Using disks made by competing companies would significantly decrease the correlation in failure probabilities. The failures will always be somewhat correlated. For one thing, different manufacturers use similar materials and processes. Also, regardless of where the drives come from, they end up in the same box, all subject to the same environmental factors.

# Leaky abstractions and hockey stick learning curves

Michael Lugo wrote a blog post Turtles all the way down that links to a cartoon in which someone explains how a compiler works by diving through layers of abstraction from software to hardware to electrons to quantum physics. You can never write a program if you want to understand every detail from programming language syntax down to quarks. But how far down the abstraction stack do you need to understand things?

For personal satisfaction more than practical necessity, I like to have at least a vague idea of what’s going on all the way down the abstraction stack. But how far down do you need to understand what’s going on? The answers you’re likely to hear to this question depend on the age of the person you talk to. Programmers tend to think everyone should know things as far down the stack as they do. That may mean assembly, C, Java, PHP, etc. depending on when they started programming. A better answer is that you need to go down until your abstractions no longer leak. The rest of this post explains what that means.

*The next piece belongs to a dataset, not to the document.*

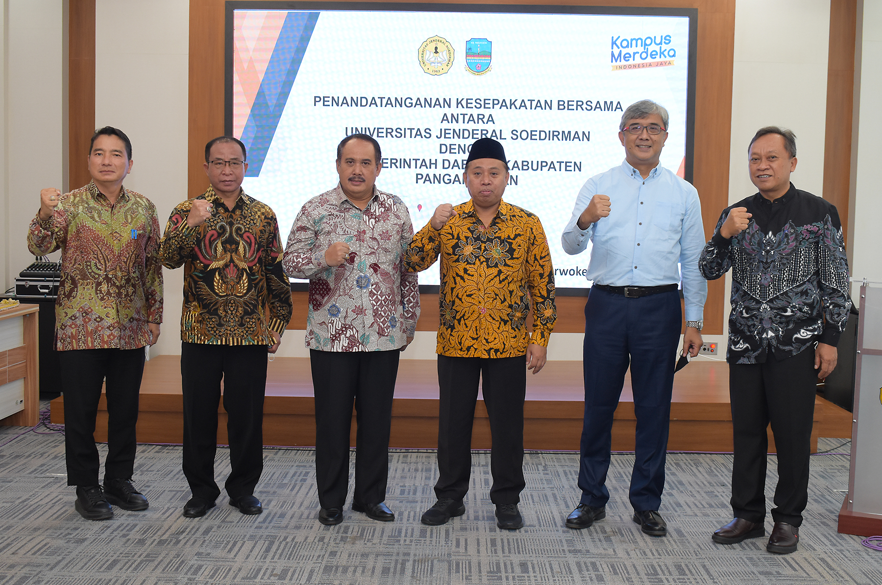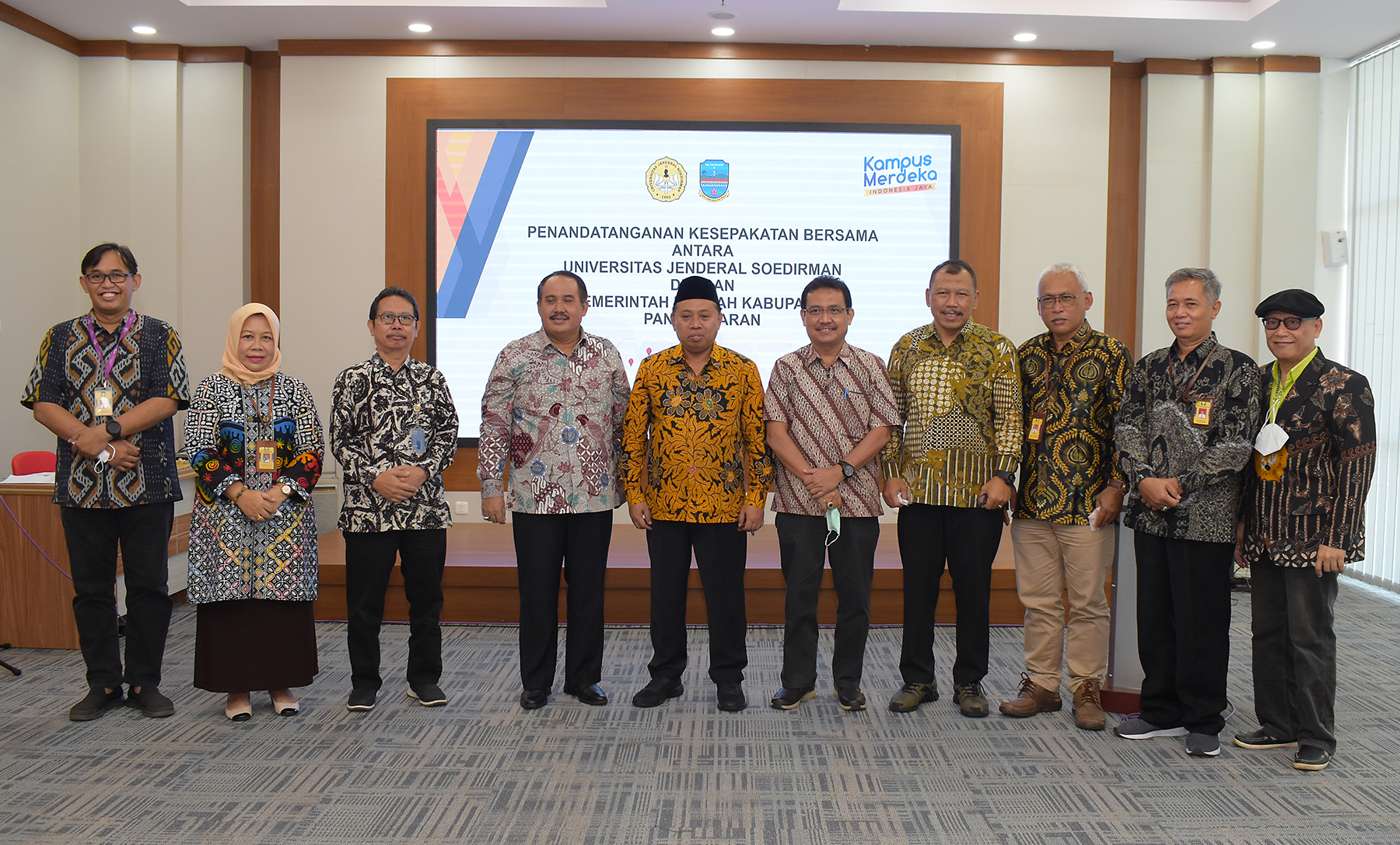 Bupati Pangandaran H. Jeje Wiradinata menghadiri penandatanganan kesepakatan bersama antara Universitas Jenderal Soedirman dan Pemerintah Kabupaten Pangandaran terkait peningkatan fungsi pendidikan, penelitian dan pengabdian kepada masyarakat, bertempat di Gedung Integrated Academic Building Unsoed Purwokerto pada Jum’at (03/06/2022).
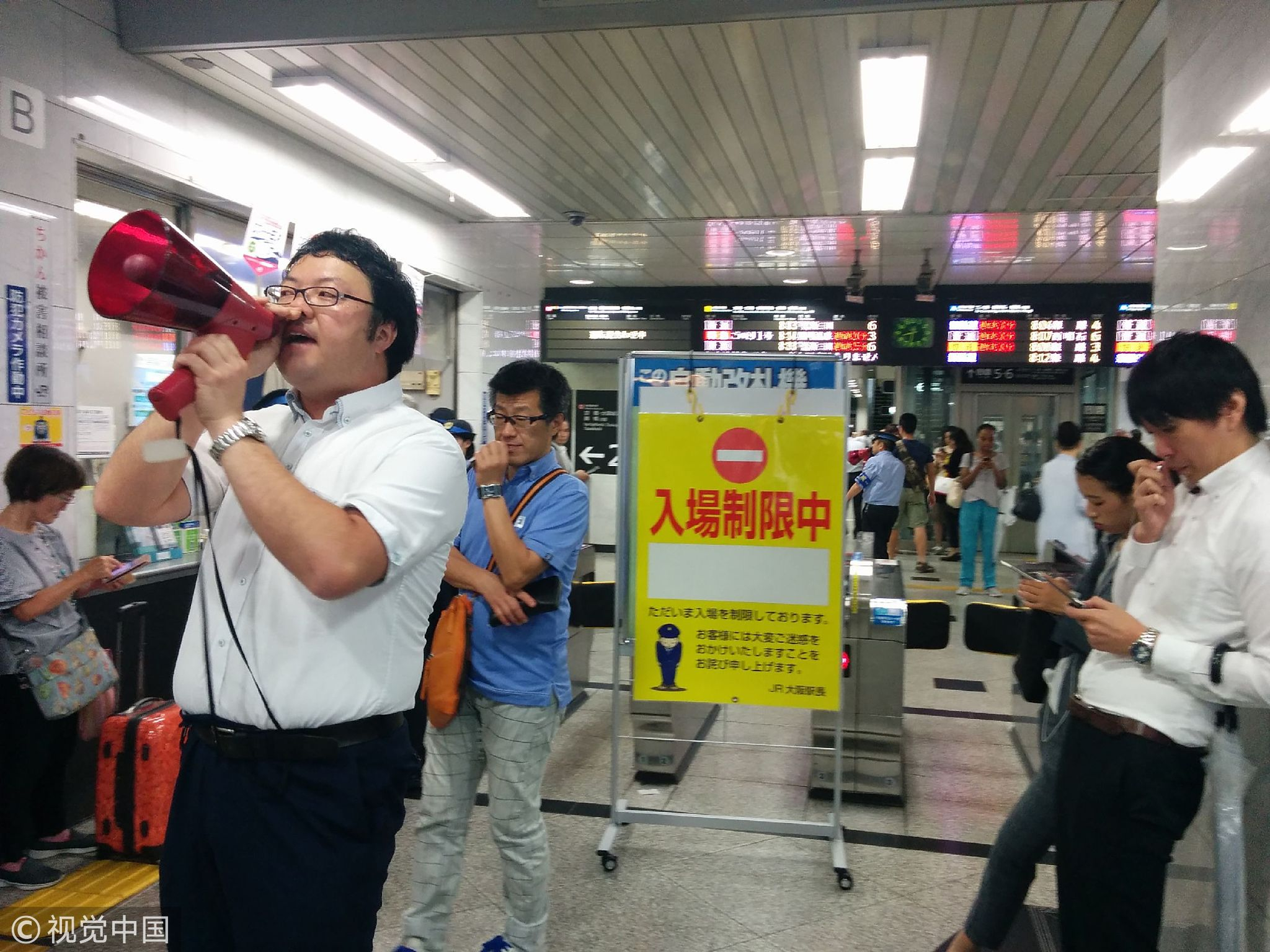 A station employee (L) announces an entry restriction into a railway Station in Osaka, June 18, 2018. /VCG Photo

Programming is all about layers of abstraction, and in theory you only need to understand the layer you’re currently working in. For example, if you’re writing ASP.NET, you don’t need to know how the CLR works, nor do you need to know HTML, JavaScript, HTTP, TCP/IP, etc. At least that’s the theory. But when something goes wrong, and then you have to understand what’s going on in the layer below where you’re working.  Joel Spolsky coined the phrase leaky abstraction to explain this phenomena. At some point, your abstraction fails and you have to dig a layer deeper, maybe two or three layers until you get to an abstraction that doesn’t leak as far as you are concerned.

This is one of the things that makes programming hard. Maybe your nephew in high school can put up a web site for you that does everything you need. Or maybe not. A rookie programmer can jump into a project and have something to show for himself quickly. But when his abstraction layer springs a leak, he hits a brick wall unless he has a more experienced programmer to help him out. And of course that more experienced programmer doesn’t know everything. He will have to do some research if he has to dig below the abstraction layers he knows. It’s turtles all the way down.

Leaky abstractions lead to the phenomena Joel calls the hockey stick learning curve.

You go along a nice flat learning curve until suddenly the path goes nearly vertical, like a hockey stick on its side.

Leaky abstractions mean that we live with a hockey stick learning curve: you can learn 90% of what you use day by day with a week of learning. But the other 10% might take you a couple of years catching up. That’s where the really experienced programmers will shine over the people who say “whatever you want me to do, I can just pick up the book and learn how to do it.” If you’re building a team, it’s OK to have a lot of less experienced programmers cranking out big blocks of code using the abstract tools, but the team is not going to work if you don’t have some really experienced members to do the really hard stuff.

I’d like to see the terms “leaky abstraction” and “hockey stick learning curve” more commonly used. They go a long way toward explaining the difference between fantasy and reality in software development.